St Joseph's Catholic Church on Liverpool Road was built 1930–31. The church was designed by architect Clement Glancy in Inter-War Academic Classical style inspired by Église de la Madeleine, Paris.

St Thomas's Anglican Church, Coronation Parade was built in 1847 to a design by John Frederick Hilly in a Gothic Revival style and is now listed on the Register of the National Estate.

=== Schools ===
Enfield Public School is on Beaumaris Street. St Joseph's Primary School is located on the corner of Burwood and Liverpool Roads and is a Catholic school for kindergarten to Year 6.

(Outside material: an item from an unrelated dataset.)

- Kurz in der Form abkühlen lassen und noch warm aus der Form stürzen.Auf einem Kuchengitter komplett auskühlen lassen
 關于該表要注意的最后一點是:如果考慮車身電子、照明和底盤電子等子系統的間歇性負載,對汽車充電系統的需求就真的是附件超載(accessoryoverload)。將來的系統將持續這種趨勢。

===Other places of interest===
- Enfield Aquatic Centre (Enfield Olympic Swimming Pool) is a council-run swimming pool located in Portland Street. It was opened in 1933 and is the oldest freshwater swimming pool in Sydney.
- The Royal Society for the Blind has a centre – operating as Vision Australia, in Mitchell Street

==Transport==
Liverpool Road intersects with Coronation Parade and The Boulevarde at Enfield.

Transit Systems operates eight bus services through Enfield:
- 410 from Hurstville to Macquarie Park via Bexley North, Campsie, Burwood, Concord, Rhodes and Ryde
- 420 from Burwood to Mascot via Enfield, Campsie and Sydney Airport
- 464 from Ashfield to Mortlake via Enfield and Burwood
- 480 & 483 from the City (Domain) to Strathfield via Enfield
- 913 from Bankstown to Strathfield via Enfield
- 914 from Greenacre to Strathfield via Enfield
- M90 Liverpool – Burwood

U-Go Mobility operates route 450, from Hurstville to Strathfield via Lakemba and Enfield.

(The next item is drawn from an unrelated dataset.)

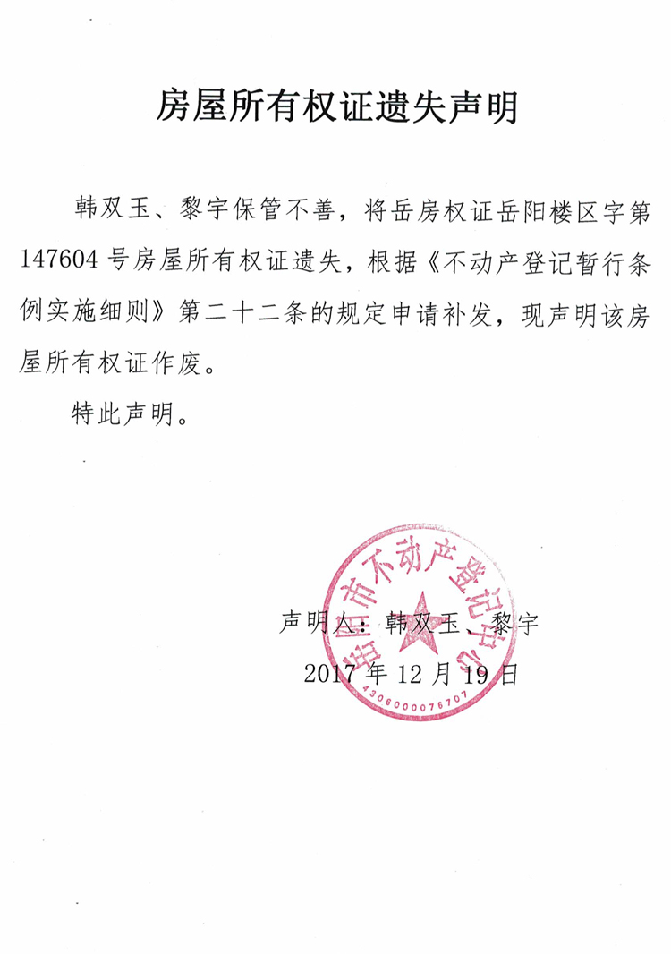 房屋所有权证遗失声明(韩双玉、黎宇)

Prior to the 1960s, there was a tramline which ran from Ashfield to Mortlake and Cabarita via Enfield and Burwood following the route of the modern day 464 & 466 bus services.

NASA image of Sydney's CBD and inner west suburbs, with borders of Enfield shown in orange

==Demographics==
In the 2021 Census, there were 2,992 people in Enfield. 50.2% of people were born in Australia. The next most common countries of birth were China 9.5%, India 3.4%, South Korea 3.0%, Italy 3.0% and Lebanon 2.9%. 43.0% of people spoke only English at home. Other languages spoken at home included Mandarin 10.4%, Arabic 6.0%, Cantonese 5.8%, Italian 5.0% and Korean 4.0%. The most common responses for religion were Catholic 35.1% and No Religion 24.2%.

== Notable residents ==
- James Anderson (1894–1973): tennis player, Australian Open men's singles champion in 1922, 1924 & 1925.
- Andrew Chan (1984-2015): executed drug trafficker and co-ringleader of the Bali Nine
- Gerry Hazlitt (1888–1915): Australian test cricketer (9 tests).
- Bob Norton OBE (1922–1992): a former president of the Royal Australasian College of Dental Surgeons lived in Enfield as a school student.
- Norman 'Wizard' Smith (1890–1958): racing car driver and holder of the Australian land speed record in the 1930s.
- Harold Burfield Taylor (1890–1966): chemist and army officer.
- Bob Windle (born 1944): Australian swimmer, won the Olympic 1500 metre freestyle gold medal at Tokyo in 1964.